Exercise instructions
Leave the pictures aside. Retype exactly the lines from the top of the data below through the one holding "This is DYMO".

[Task inputs]

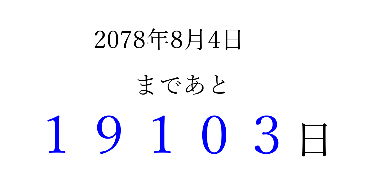 2078年8月4日(木)まで あと 99999 日です 追加すると、トップページからすぐ選べるようになります ※2026/04/16現在の結果です。 最新の状態に更新する ↓シェアして、タイムライン上にカウントダウンを表示しよう!↓ 📤 この結果を共有する Tweet シェア Threads Bluesky 別の日付でカウントダウン 2078年8月のカレンダー このページをブックマークに追加すると、いつでもカウントダウンを確認できます。 (PC: Ctrl+D / Mac: ⌘+D) hitome-notes.comでは以下のページも運営しています。 指定日と期間から日付を計算 | ガチャ確率計算・シミュレーション | プライバシー・ポリシー 運営者:Avocado
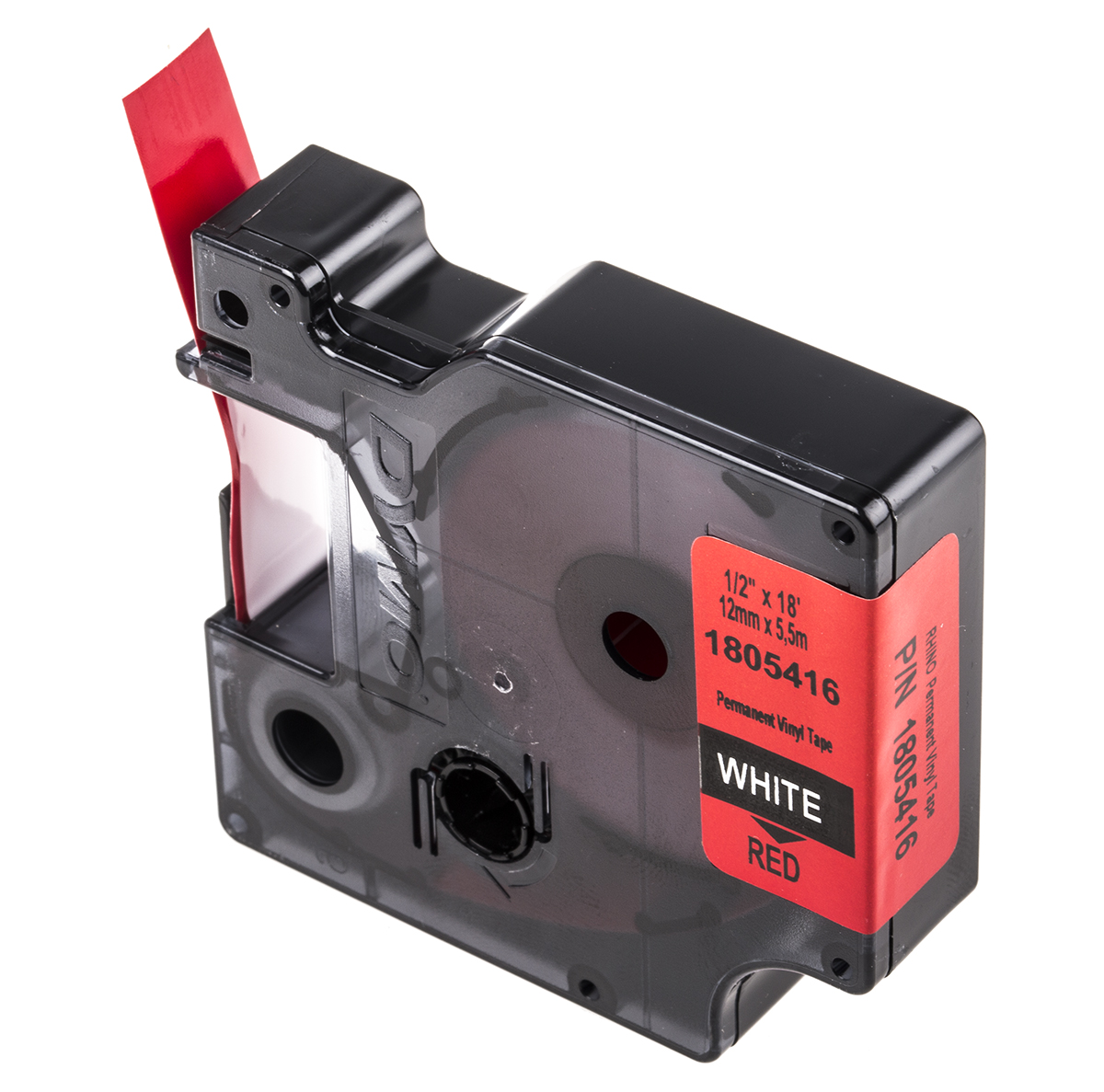 This is DYMO 12 mm White on Red Label Printer Tape manufactured by Dymo. The manufacturer part number is 1805416. It is designed with an attractive red colour background . Is it a better world product? yes. Additionally, it works with rhino 4200, rhino 5200, rhino 6000 printer models . Its tape is about 12 mm in width . Its label quantity is 1 roll . It offers an adorable white colour print . The product is laminated no . Its tape is 5.5 m in length .
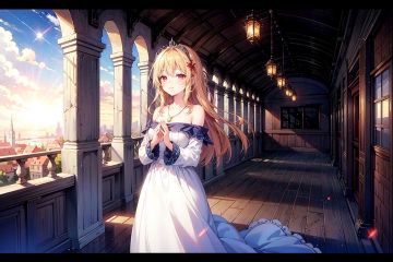 wide shot, (depth of field), illumination, soft shadows, grand scene, backlight, lens flare, ((colorful refraction)), ((cinematic lighting)), (standing on the balcony), evening, sunlight, skyline, ancient house, medieval, blonde hair, long hair, messy hair, closed eyes, red, eyes, praying, princess, crown, white dress, red gemstone necklace, red eyes, **ile, bare shoulder, mid shot, upper bodyblurry background, blurry, <lora:EMS-30781-EMS:0.600000>, , <lora:EMS-27163-EMS:0.400000>
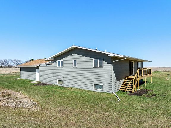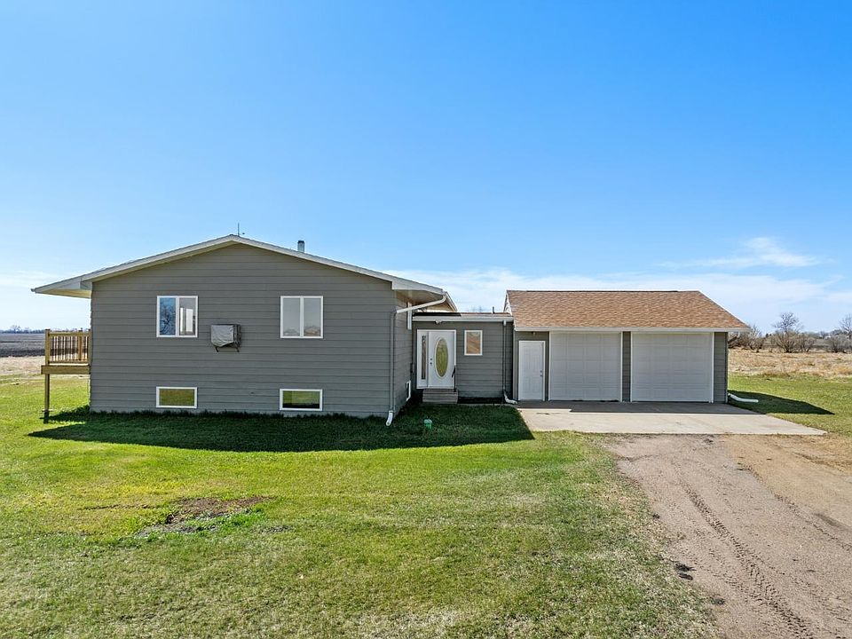 Welcome to your quiet oasis on nearly 20 acres of flat land just minutes from Minot! Walking into this home, you'll be greeted by a big foyer that features a laundry room area and a 3/4 bathroom. Upstairs, you'll find a large living room area, dining room, and kitchen featuring brand new stainless steel appliances. The main floor has all new flooring along with a fresh coat of paint. There are 2 good sized bedrooms on the main floor. The one bedroom has an attached 1/2 bathroom. There is also a full bathroom in between the 2 bedrooms. The downstairs has a large living room space, a bedroom, a 3/4 bathroom, and ample amounts of storage. The house has an attached 2 stall garage. There is a large deck accessible just off the main floor living room that was just constructed in April 2024. Enjoy watching sunrises and sunsets while overlooking an abundance of wildlife and peace and quiet. The lot is 19.91 acres and features 2 big quonsets. Don't miss out on this rare, affordable rural oasis!
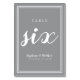 This design was created for smaller intimate wedding celebrations. Simple, minimalist and elegant Wedding Table Number SIX design features a contemporary design with a double frame border in crisp white on a trendy ultimate gray background. The design is chic and timeless. Personalize wedding table design with your wedding details in crisp white lettering and script. The back of the card is a duplicate of the front. Order one for every table with the individual table numbers.
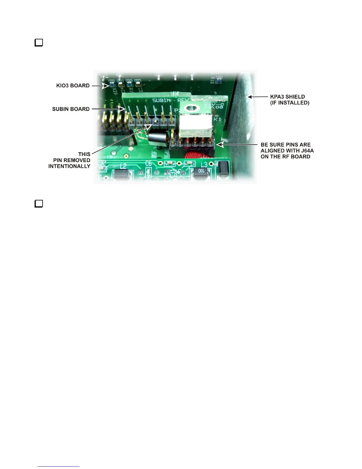 Plug the SUBIN interface board into J64A on the K3 RF board as shown in Figure 46. J64A is directly in
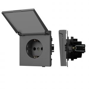 Механизм розетки с заземлением и влагозащитной крышкой совместим с рамками серии TENDO, создает утонченный минималистичный вид. Скрытый тип монтажа позволяет гармонично встроить в интерьер любого современного дизайн-проекта. Видимая часть механизма выполнена из высококачественного пластика серого цвета и имеет покрытие Soft-Touch. Розетка оснащена защитными шторками, которые защищают механизм устройства от повреждений и загрязнений, а также обеспечивают безопасное использование для каждого пользователя. Наличие влагозащитной крышки позволяет размещать данный тип розеток в ванных комнатах, санузлах, кухнях или МОП. А усиленные распорные (монтажные) лапки надежно фиксируют механизм в стандартном установочном подрозетнике. На каждой стороне суппорта размещены фиксирующие элементы, позволяющие комбинировать механизмы в системы до 5шт как горизонтально, так и вертикально, под соответствующую рамку.
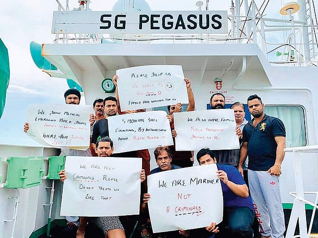 Indian seafarers on board MT SG Pegasus hold placards seeking help and highlighting their plight. (Photo | EPS)
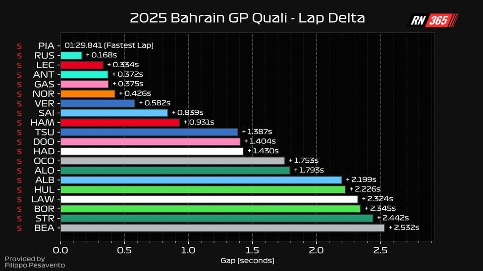 Whether it be top speed or cornering speeds, the package is well off the pace, with the world champion firmly in the middle of the pack for grunt and losing four-tenths alone to Piastri in the middle sector.
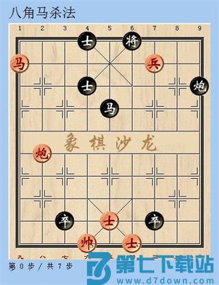 用马在对方九宫的任何一个士角位置上,与对方将形成对角,使其失去活动自由,然后用其他子力将死对方的杀法,称为“八角马”杀法,也称“八角定将”杀法。
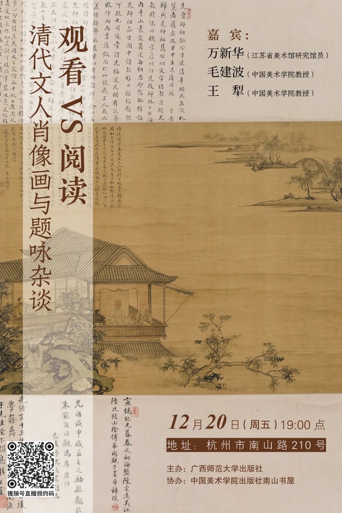 本次“湖山论艺”,由广西师范大学出版社与中国美术学院出版社南山书屋共同邀请《燕赏自娱:清代肖像画研究丛稿》的作者——江苏美术馆万新华先生联袂中国美术学院毛建波教授、中国美术学院王犁教授来南山书屋共同聊聊“观看VS阅读:清代文人肖像画与题咏杂谈”这个话题,同时,本次活动也是《燕赏自娱:清代肖像画研究丛稿》新书分享会,希望通过有意义的阐释建构出有情味的审美互动体系,从而使读者及听众更加多元化地观看、阅读、认识清代文人肖像画。
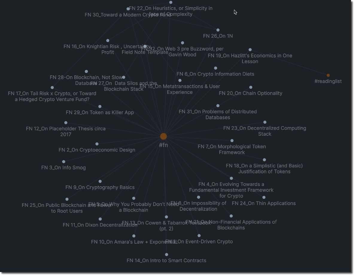 The output of this irreverence as it relates to my fundamentals-based interest in evaluating crypto (mal)investments is visualized in my current Field Note Cloud (largely unstructured, though the emergence of topic clustering forming):
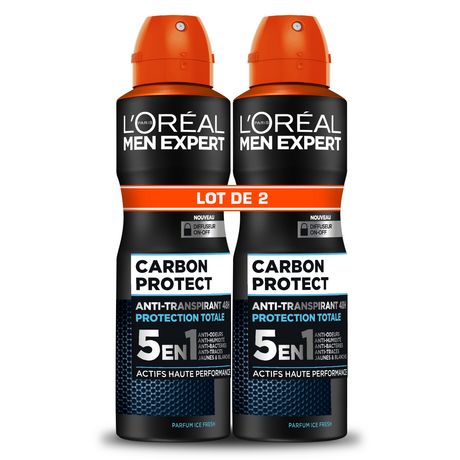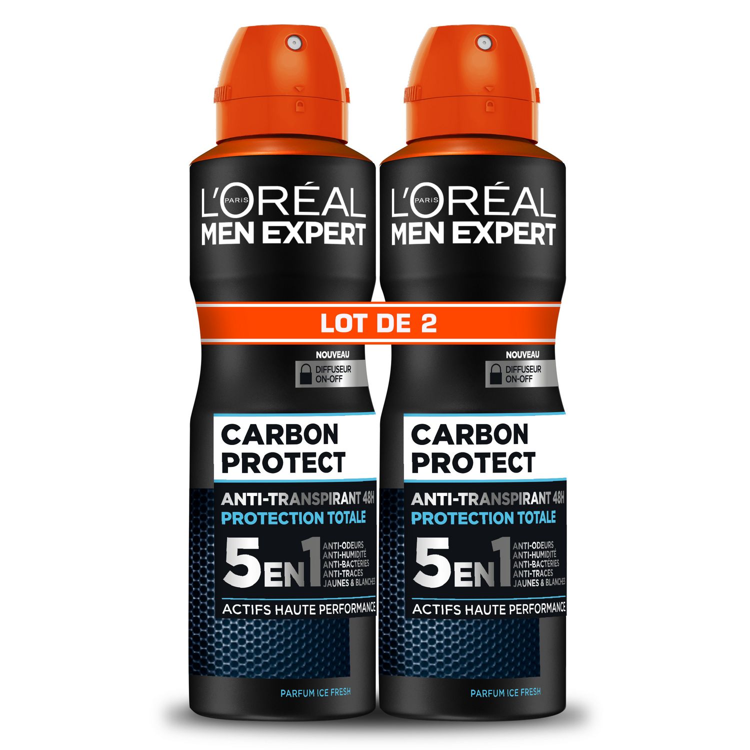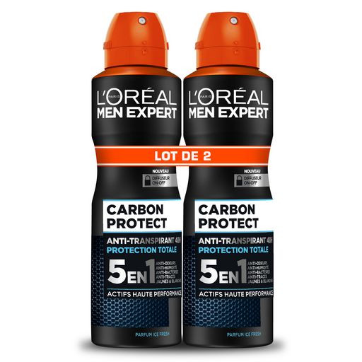 L'Oréal Paris Men Expert Carbon Protect 5-en-1 Ice Fresh Déodorant Spray Homme - Lot 2 x 200ml 400 ml Anti-transpirant atomiseur homme Carbon Protect 5-en-1. Protection totale 48h.
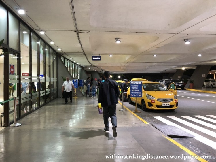 Right outside the arrivals lobby is a sheltered road where one might hire a taxi. Note that the yellow airport taxis cost quite a bit more than the white regular taxis, but are advertised as being safer and more reliable since these require special permits to operate from MNL’s terminals. That’s not to say that every white taxi driver will try to scam you or drive recklessly (far from it!) or that every yellow taxi driver does his duty by the book (some might, for example, still try to negotiate an expensive rate and keep the metre off), so using one or the other is really down to personal judgement.
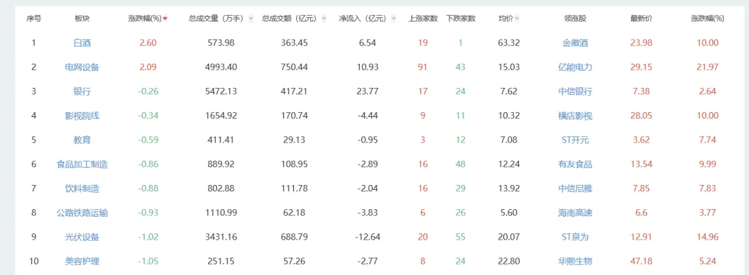 电网设备 酿酒行业 银行

[/Task inputs]

Written answer
 2078年8月4日(木)まで あと 99999 日です 追加すると、トップページからすぐ選べるようになります ※2026/04/16現在の結果です。 最新の状態に更新する ↓シェアして、タイムライン上にカウントダウンを表示しよう!↓ 📤 この結果を共有する Tweet シェア Threads Bluesky 別の日付でカウントダウン 2078年8月のカレンダー このページをブックマークに追加すると、いつでもカウントダウンを確認できます。 (PC: Ctrl+D / Mac: ⌘+D) hitome-notes.comでは以下のページも運営しています。 指定日と期間から日付を計算 | ガチャ確率計算・シミュレーション | プライバシー・ポリシー 運営者:Avocado
 This is DYMO 12 mm White on Red Label Printer Tape manufactured by Dymo. The manufacturer part number is 1805416. It is designed with an attractive red colour background . Is it a better world product? yes. Additionally, it works with rhino 4200, rhino 5200, rhino 6000 printer models . Its tape is about 12 mm in width . Its label quantity is 1 roll . It offers an adorable white colour print . The product is laminated no . Its tape is 5.5 m in length .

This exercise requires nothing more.